Chinese maritime militia moored at Whitsun Reef in the South China Sea.
(Associated Press)

Since taking office five years ago, Philippine President Rodrigo Duterte has refused to challenge Beijing, hoping that a friendlier relationship would attract billions in Chinese loans and investments. He argued that confronting the militarily superior Chinese was foolhardy. He dismissed as just “a piece of paper” a 2016 landmark ruling at The Hague that rejected Chinese claims to waters in the Philippine exclusive economic zone.

But when the financial largesse never materialized and criticism mounted that Duterte was “grovelling before China,” his administration started to change tack, fearing political repercussions with an election looming in 2022, experts said.
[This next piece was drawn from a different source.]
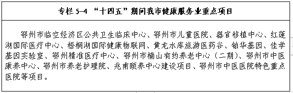 打造临空健康服务业新体系,依托葛店“中国药谷”品牌优势,重点发展精准诊疗、疾病早期发现以及易感人群的早期筛查、评估和疾病预防等。引进健康保健、血液制品、疫苗、干细胞提取生物技术、高端医学检验检测设备生产等项目,以及国际高端医疗机构,重点发展器官组织移植储备、生物医药研发、生物制剂、检验检测试剂为主的医疗健康服务业,谋划打造中部国际医学中心。积极推进智慧健康服务,升级全民健康信息平台和区域健康大数据中心,加快建设移动医疗、远程医疗等“互联网+医疗健康”服务体系,发展个性化、智慧化的远程健康管理和移动健康服务。加快开发全方位远程医疗服务平台和终端设备,研发数字医疗系统,研制保健康复产品。大力发展健康咨询服务业,围绕健康信息管理、健康体检、健康干预、慢性病管理等健康咨询服务,构建个性化健康管理服务体系。推进医疗服务下基层,全面推广家庭医生签约服务,引导妇幼健康检测、母婴照料、疾病康复等机构科学发展,满足全生命周期健康管理需要。

The arrival in March of a massive flotilla of Chinese militia vessels near a streak of land shaped like a boomerang called Whitsun Reef offered an opportunity to fight back. The incursion prompted a surge in Philippine coast guard and naval patrols and a flurry of diplomatic protests. Duterte threatened to send warships to stake the Philippines’ claim to natural resources.

Then in early May, only days after Acuario repelled the Chinese boats in Sabina Shoal, Philippine Foreign Secretary Teodoro Locsin Jr. lashed out in a tweet telling China to “GET THE F— OUT” of the South China Sea. The famously provocative diplomat, who likened China to an “ugly oaf,” later apologized and deleted the post.

The uncharacteristic show of defiance against Beijing set the tone for different branches of the Philippine government to take the initiative in what Filipinos call the West Philippine Sea. The media-savvy coast guard posted video of Acuario’s radio challenge on the service’s Facebook page, which has hundreds of thousands of followers and serves as a recruitment tool.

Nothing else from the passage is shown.